● YOUR OBJECTIVE
Omit the pictures and return exactly the stretch of the material below from the line with "Define the System: Excel" through the line with "惊蛰无声暗线 二刷才发现《惊".

DATASET Block Start

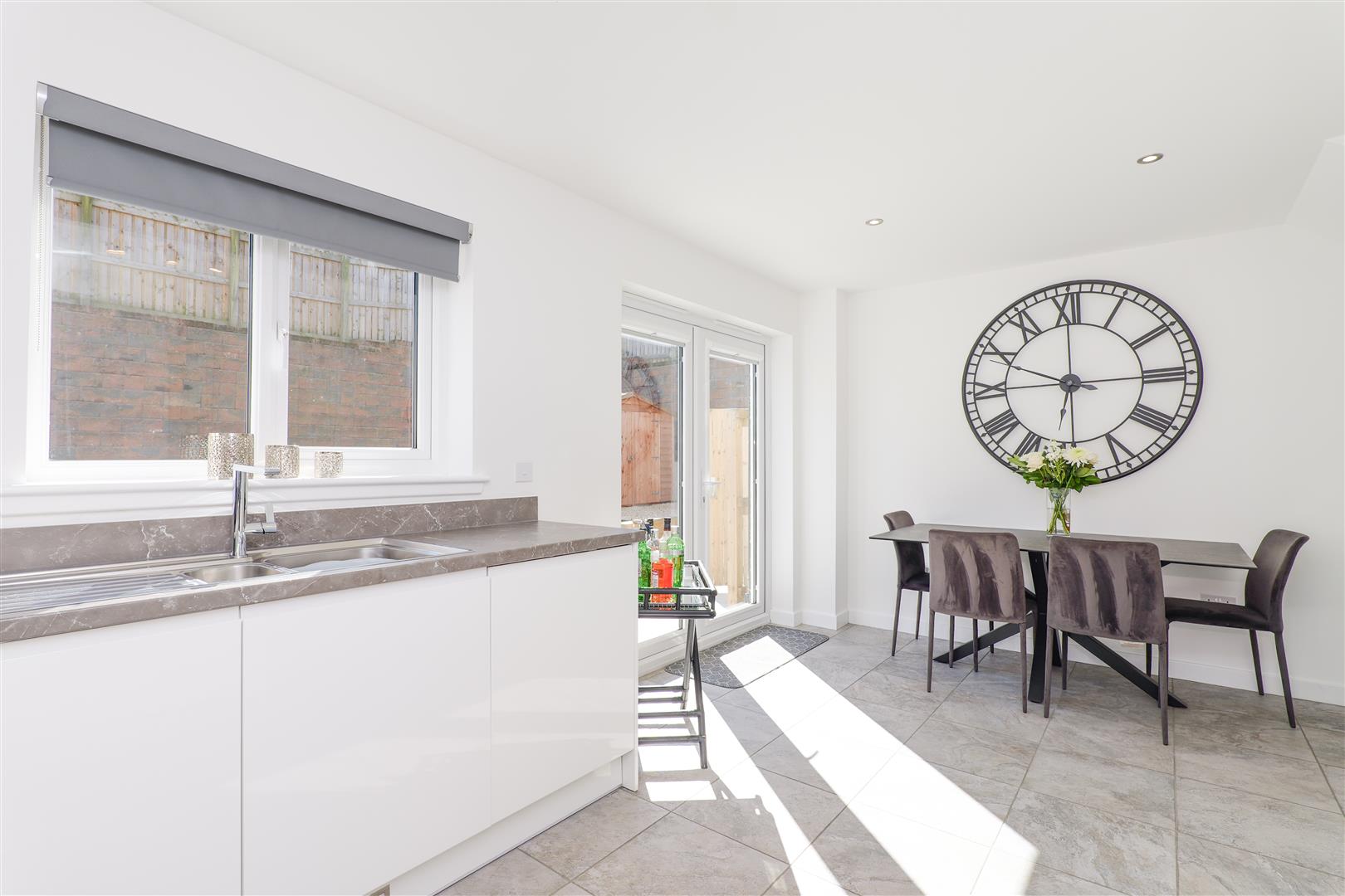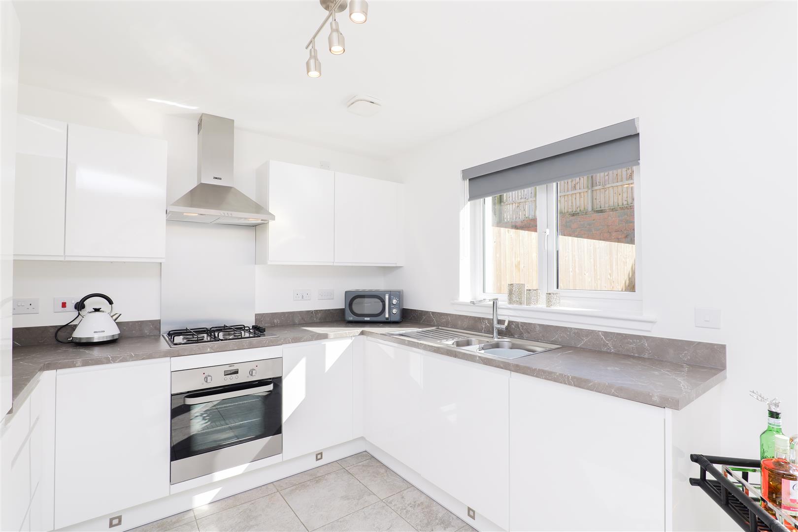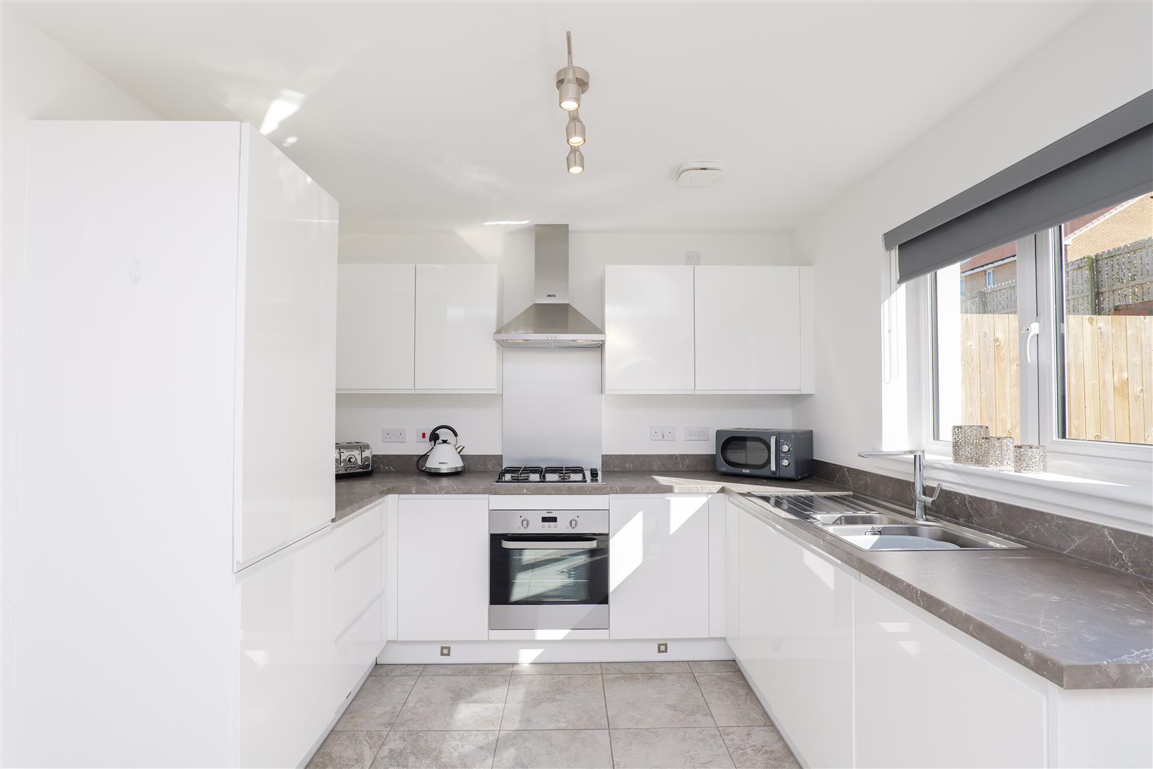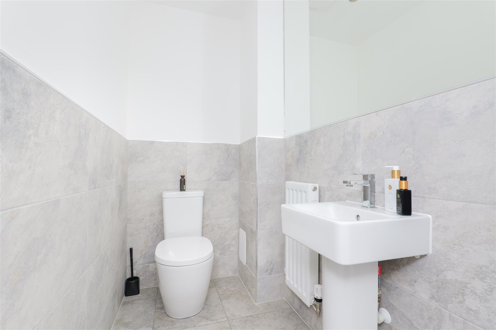 Upon entering, you're greeted by a welcoming hallway that leads to a bright and airy front-facing lounge. The modern kitchen/dining area is fully equipped with ample storage, a built-in oven and gas hob, and French doors that open to the private rear garden. Completing the ground floor is a convenient cloakroom WC.
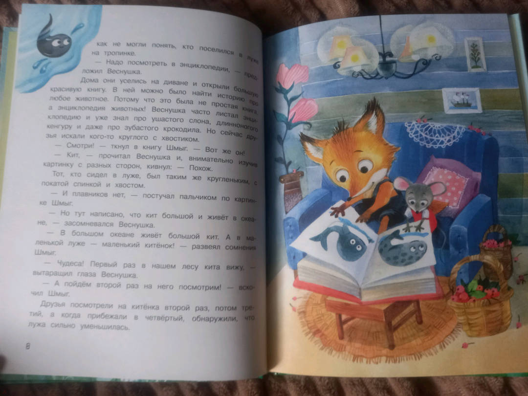У наших старых знакомых лисенка Веснушки и мышонка Шмыга новые удивительные события. Теперь они нашли в лесной луже настоящего... кита. Ну да, только маленького. А как бы большой кит мог поместиться луже? Большой кит живет в океане, а маленький – в луже.
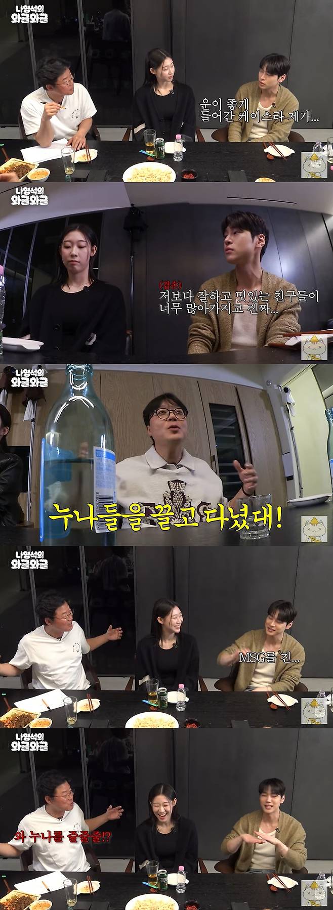 이를 들은 나영석이 "와 누나를 줄줄줄"이라며 감탄하자, 강유석은 "제가 형, 누나들을 좋아해서 엄청 쫓아다녔다. 형, 누나들한테 잘하고 부르면 항상 (나가고)"라고 해명했다.
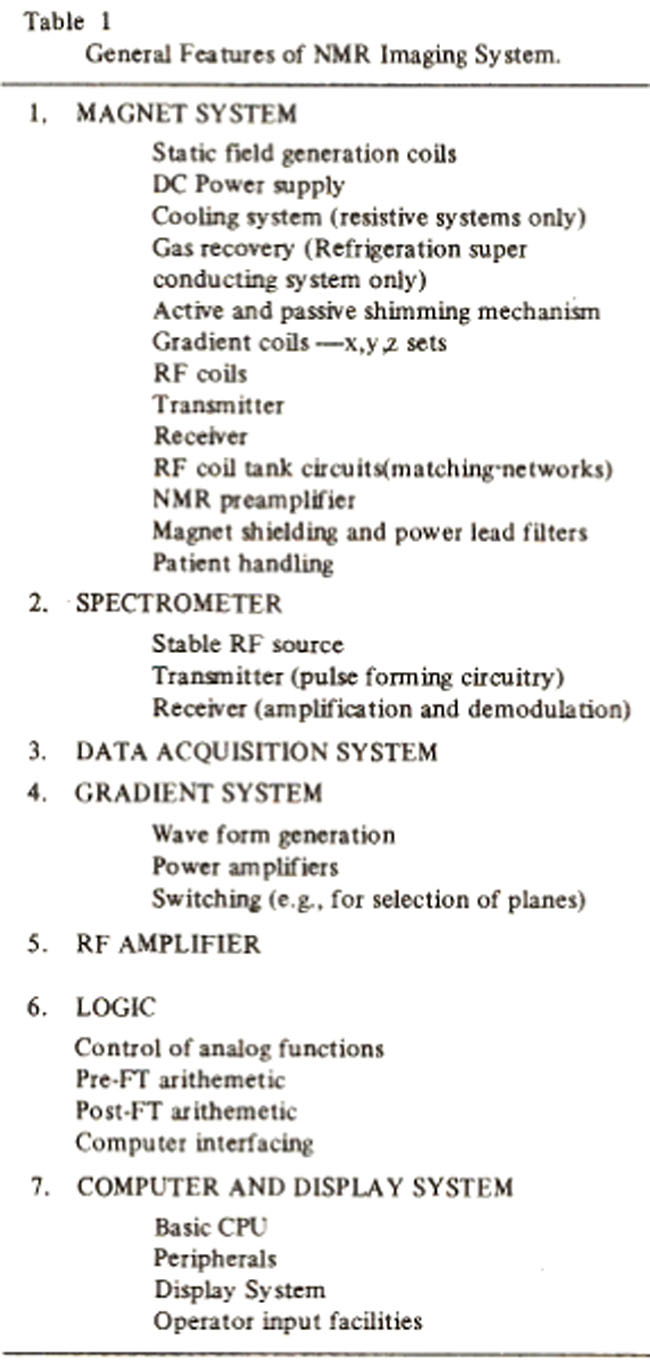 Table I and are briefly discussed below. In NMR medical imaging, the patient in a clinic lies on a moveable bench that is guided into a large circular gantry with axis of the gantry usually along the long axis of the patient. The gantry houses a massive magnet to produce a strong and stable static axial magnetic fields, coils to produce gradients in this field and an RF coil to transmit the stimulating pulses and detect the NMR signal, which is reconstructed by computer to give cross sectional images.
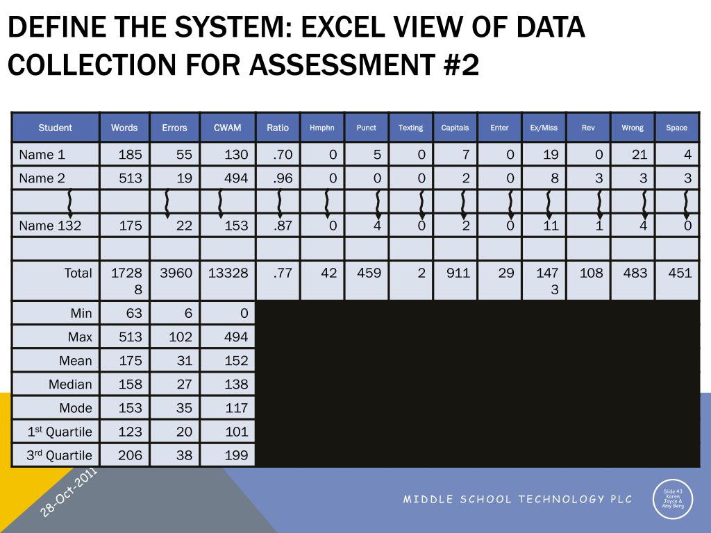 Define the System: Excel View of Data Collection for Assessment #2 Middle School Technology PLC
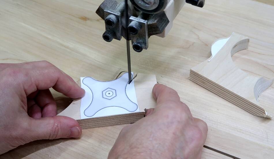 It seems I always made knobs with either three or five points, but when I made these clamps I used some bolts with knobs already on them, and those knobs have four points. I quite liked the feel of the four pointed knobs when turning them, so I changed my knob templates for this saw to be four points instead of five.
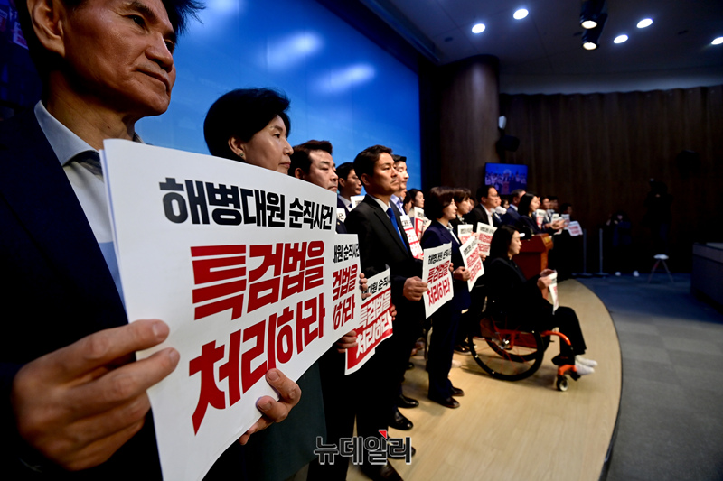 박주민 더불어민주당 원내수석부대표 겸 해병대원 사망사건 진상규명 TF 단장 및 의원·당선인 들이 15일 오전 국회 소통관에서 '채상병 특검법' 관련 기자회견을 갖고 윤석열 대통령의 '채상병 특검법' 즉각 수용을 촉구하고 있다.
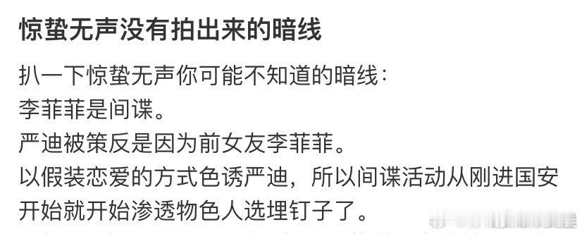 惊蛰无声暗线 二刷才发现《惊蛰无声》全是暗线!李菲菲根本不是普通前女友,更像是以恋爱接近严迪的间谍,两人三年都是互相试探的戏,细节越扒越惊心。
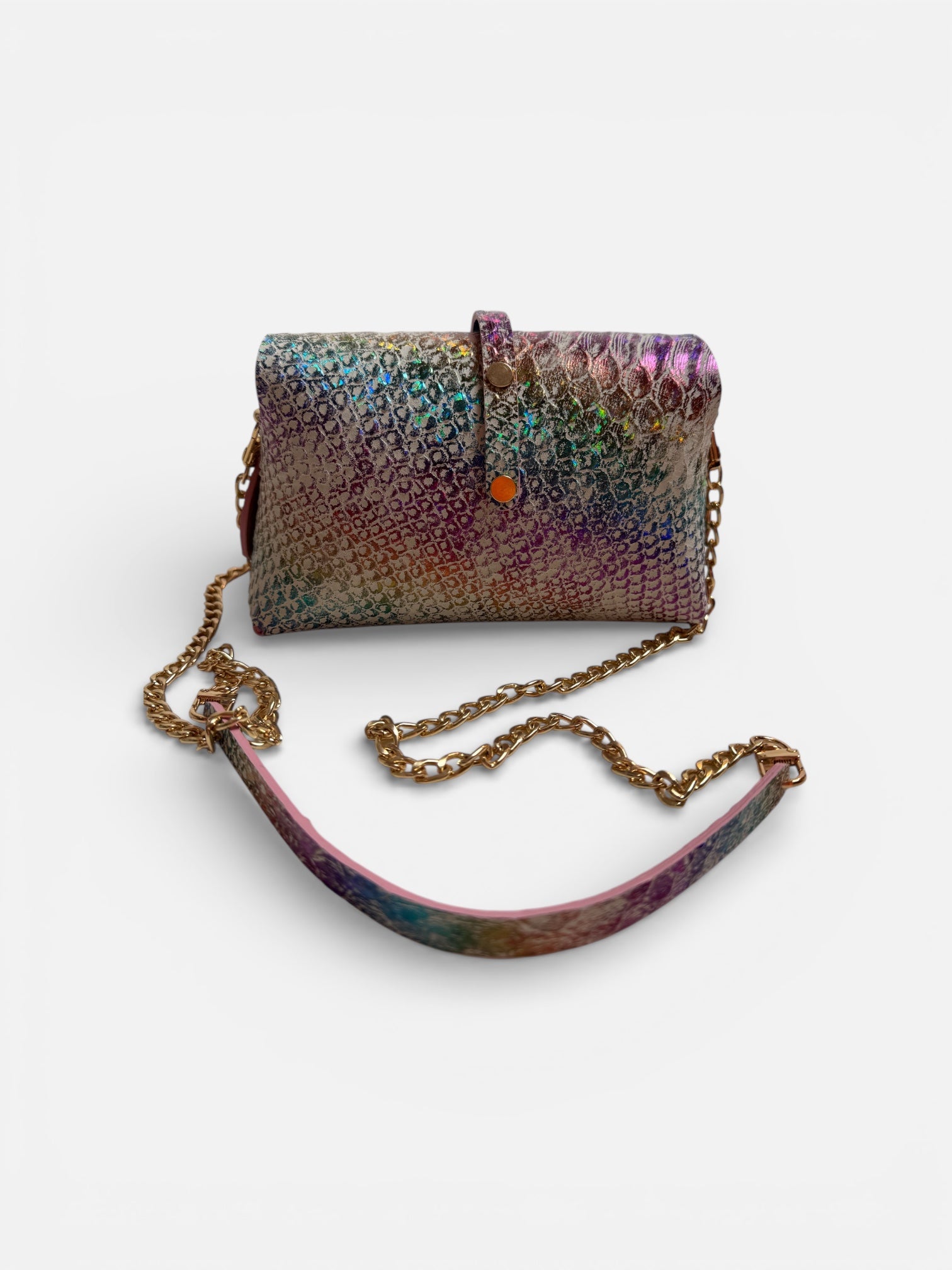 Made of Italian multi-colored dyed crocodile leather and calfskin leather
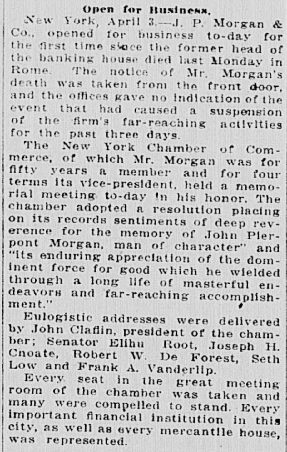 Open for Business. New York, April 3.-J. P. Morgan & Co., opened for business to-day for the first time since the former head of the banking house died last Monday in Rome. The notice of Mr. Morgan's death was taken from the front door, and the offices gave no indication of the event that had caused a suspension of the firm's far-reaching activities for the past three days. The New York Chamber of Commerce, of which Mr. Morgan was for fifty years a member and for four terms its vice-president, held a memorial meeting to-day in his honor. The chamber adopted a resolution placing on its records sentiments of deep reverence for the memory of John Plerpont Morgan, man of character" and "its enduring appreciation of the dominent force for good which he wielded through a long life of masterful endeavors and far-reaching accomplishment." Eulogistic addresses were delivered by John Claflin, president of the chamber; Senator Elihu Root, Joseph H. Choate, Robert W. De Forest, Seth Low and Frank A. Vanderlip. Every seat in the great meeting room of the chamber was taken and many were compelled to stand. Every important financial institution in this city, as well a8 every mercantile house, was represented.
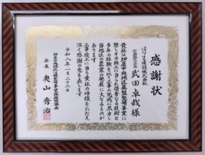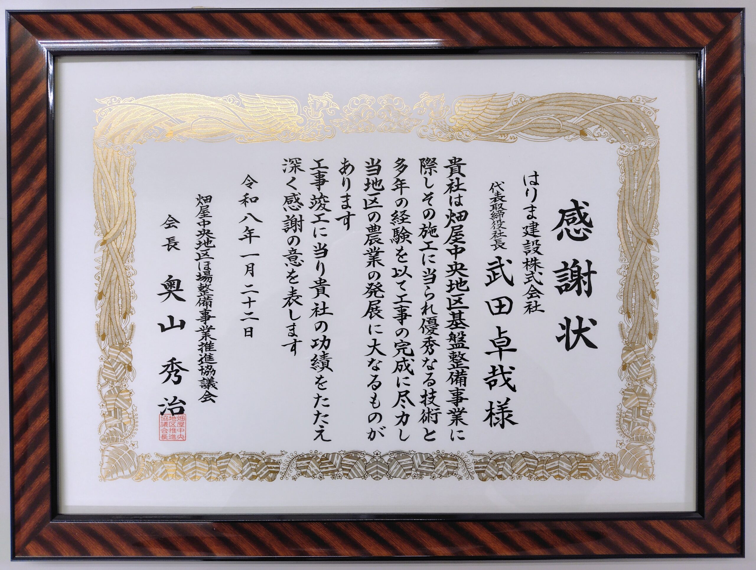 1月22日に、畑屋中央地区基盤整備事業に係る竣工神事並びに記念式典と祝賀会が開催され、当社が関係施工業者18社を代表して、感謝状が授与されました。 今回の感謝状は、過去から継続して当該地区の工事に携わり、誠実に実績を積み重ねてきたことが評価されたものです。 当社にとって大変名誉なことであります。 本事業にご尽力いただいた関係者の皆様に深く敬意を表しますとともに、基盤整備を契機として、農地集積が加速し、農業がより一層力強く発展されますことを心より祈念いたします。

DATASET Block End

● SOLUTION TO THIS PROBLEM
 Define the System: Excel View of Data Collection for Assessment #2 Middle School Technology PLC
 It seems I always made knobs with either three or five points, but when I made these clamps I used some bolts with knobs already on them, and those knobs have four points. I quite liked the feel of the four pointed knobs when turning them, so I changed my knob templates for this saw to be four points instead of five.
 박주민 더불어민주당 원내수석부대표 겸 해병대원 사망사건 진상규명 TF 단장 및 의원·당선인 들이 15일 오전 국회 소통관에서 '채상병 특검법' 관련 기자회견을 갖고 윤석열 대통령의 '채상병 특검법' 즉각 수용을 촉구하고 있다.
 惊蛰无声暗线 二刷才发现《惊蛰无声》全是暗线!李菲菲根本不是普通前女友,更像是以恋爱接近严迪的间谍,两人三年都是互相试探的戏,细节越扒越惊心。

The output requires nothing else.